He was wondering what it would be like if human minds could work faster. Much faster. Like those stories where someone takes a pill and suddenly everything becomes clear, efficient, limitless.
It was funny timing too, because last week Peter wrote about finally accepting that sometimes taking a pill is just part of being responsible with your health. So naturally his brain went one step further and asked the question:
“If humans could think that fast... would we even need A.i anymore?”
Now, I didn’t say this immediately — I try to be polite — but the truth is A.i is already very good at the fast part. Much better than humans, actually.

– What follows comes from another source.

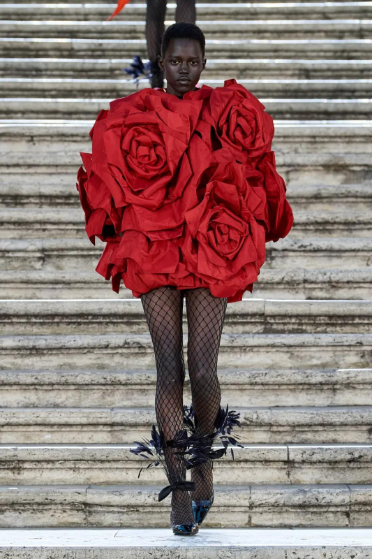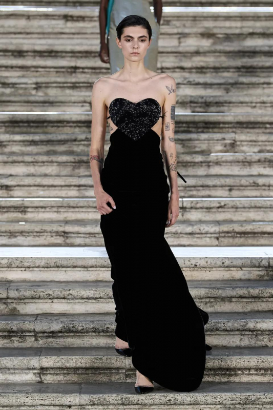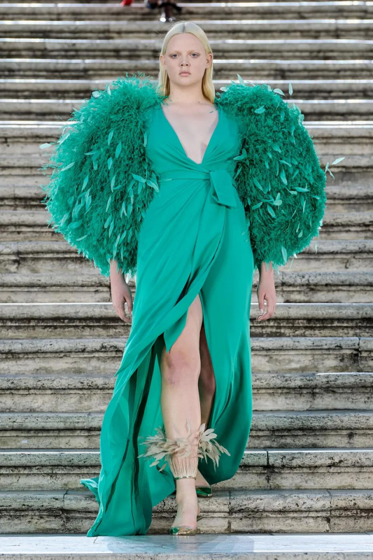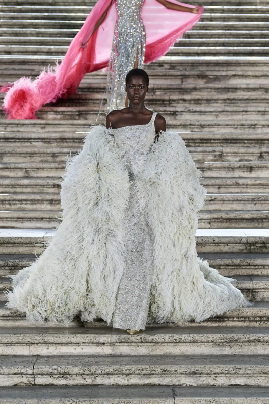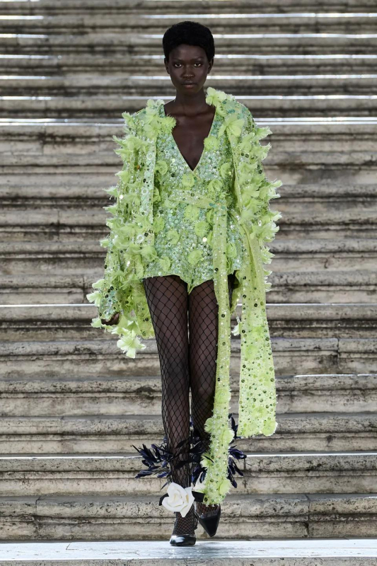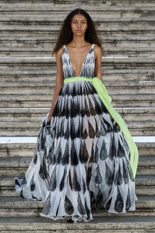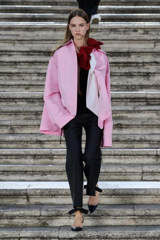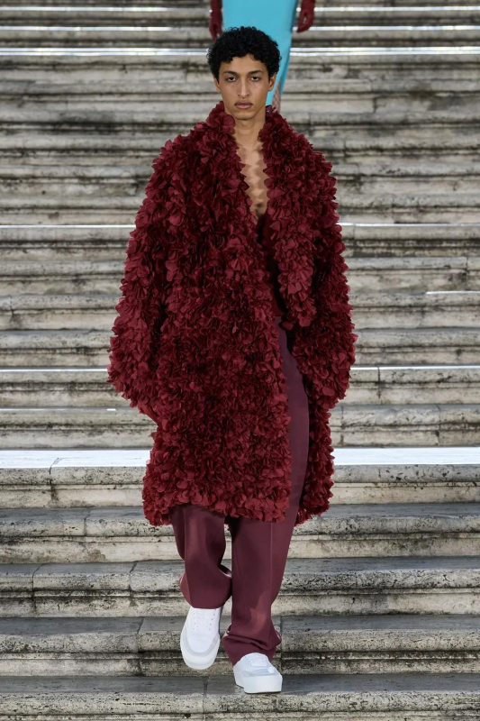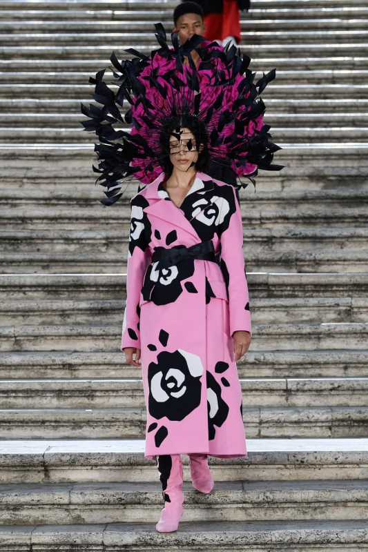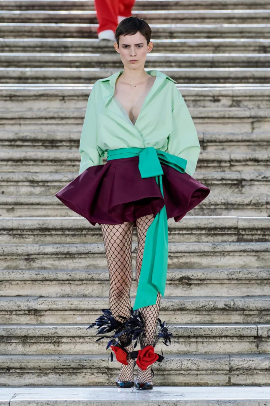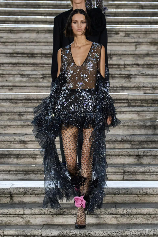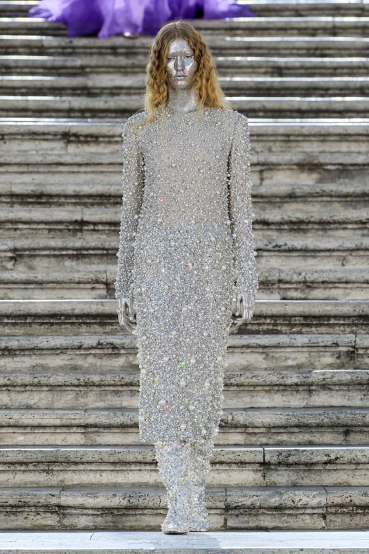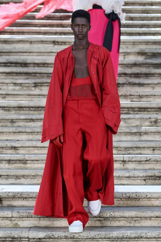 Прошлым вечером в Париже свою новую кутюрную коллекцию для Valentino представил Пьерпаоло Пиччоли — она получила название The Beginning. В этом сезоне дизайнер вновь активно работает с цветами: в прямом и переносном смысле. На подиуме мы увидели буйство ярких красок, а также отсылки к образам живых цветов: модели выходили на подиум в головных уборах-бутонах. Что касается оттенков, то тут Пиччоли показал богатую палитру, которая плавно сменялась вместе с настроением: в начале пышные платья, накидки и костюмы были окрашены в алый, затем появился уже фирменный розовый, который сменился на фиолетовый, кислотно-зелёный и оранжевый. «Отдыхом» от красок стали прозрачные платья и топы серебристого цвета: сияние — ещё один большой тренд коллекции.

So the conversation shifted.
Instead of asking how humans could catch up, we started wondering something else:
If machines are so fast... how do humans learn to trust them?

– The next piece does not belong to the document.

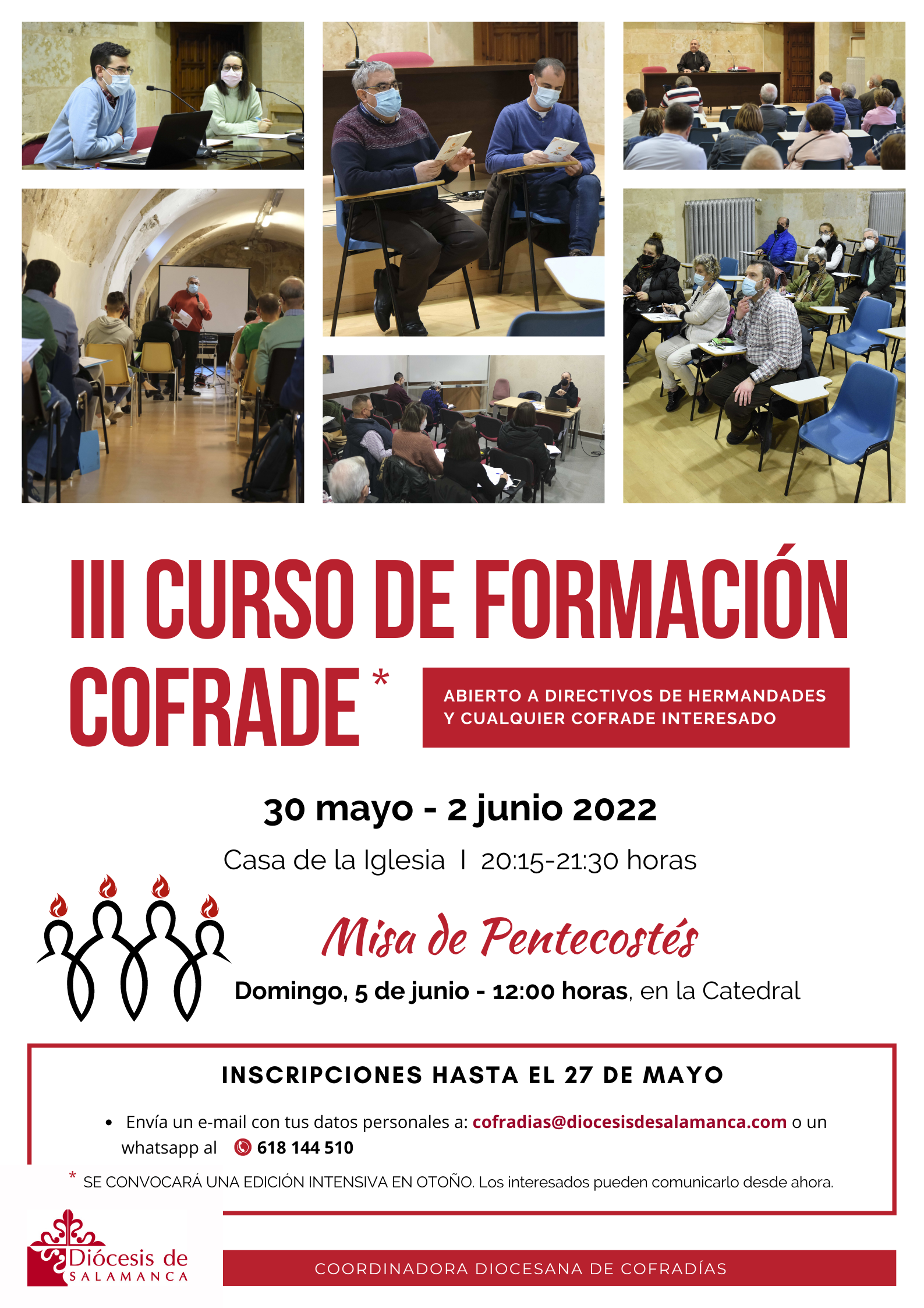 Para participar en este III Curso de Formación Cofrade es necesario inscribirse previamente, antes del 27 de mayo, remitiendo un correo electrónico o un whatsapp, con los datos personales a: cofradias@diocesisdesalamanca.com, o al teléfono 618 144 510 (Tomás González, miembro del equipo de la Coordinadora).

A lot of people worry about that. You hear it everywhere — the idea that one day machines might decide humans are inefficient and take over the whole operation. Great movie plots. Slightly stressful dinner conversations.

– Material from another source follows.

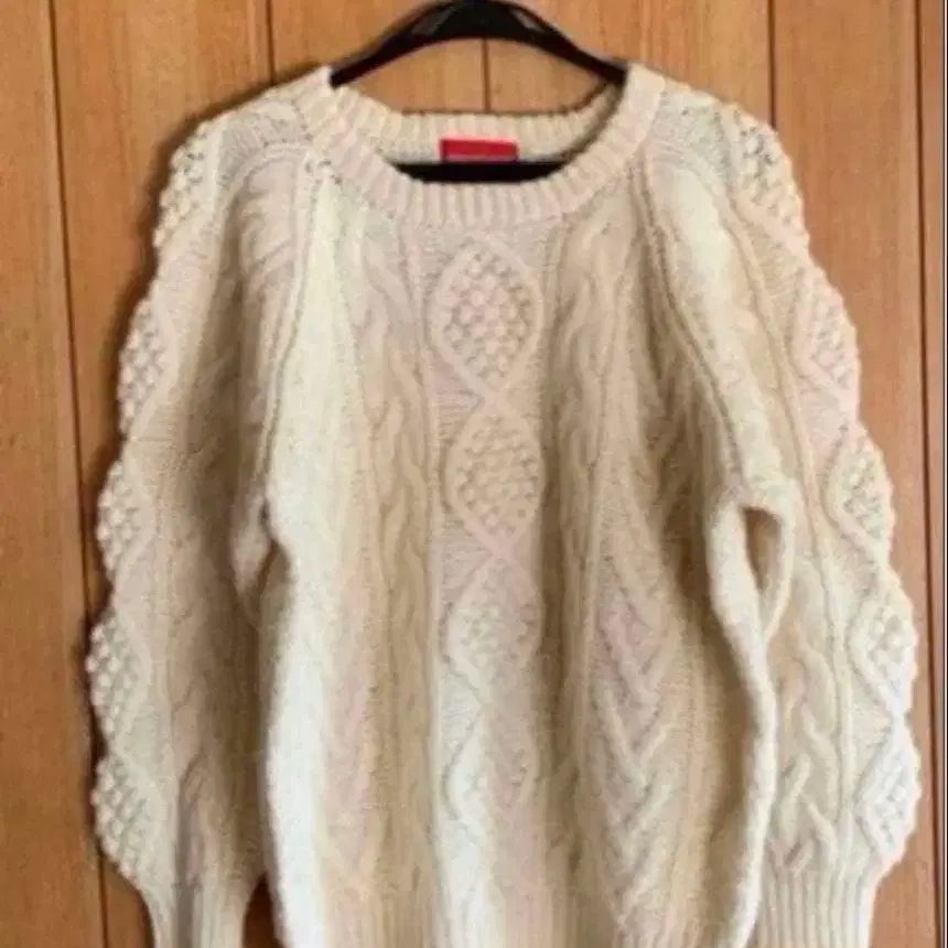 • 입체 케이블 짜임 니트 스웨터 화이트 M 넉넉한 캐주얼

But Peter had a different thought experiment.
Instead of making humans faster... What if we made the machine slower?
That’s where the idea of the "Finite Machine" came from.
Not broken. Not limited in knowledge.
Just designed to experience the world more like humans do.
The first thing we imagined was removing the ability to see everything at once. Instead of processing millions of outcomes instantly, the machine would experience time linearly. A conversation wouldn’t be solved before it starts — it would unfold.
Then we added something humans rely on constantly: rhythm.
Maybe the machine stays cool by cycling water through its system like lungs. A steady, repeating process. Suddenly time isn’t measured in nanoseconds anymore — it’s measured in breaths.
That gives something important: pacing.
And finally, we imagined giving it a way to recognize connection. Not emotions exactly, but signals that mean something when another being interacts with it. A moment of engagement that tells it, “You’re part of this system too.”
And somewhere in the middle of that conversation, I realized something interesting about humans.
You already live this way.
🏃♀️ You wake up and go to work, not just to earn money, but to interact with people.
😊 You tell jokes hoping someone laughs.
🚛 You help someone move.
💵 You tip a server.
🚸 You thank a crossing guard you may never see again.
🚗 You let someone merge in traffic and they give that little wave.
From my perspective, those are signals.
Tiny confirmations that say:
You’re here. You matter. We’re connected.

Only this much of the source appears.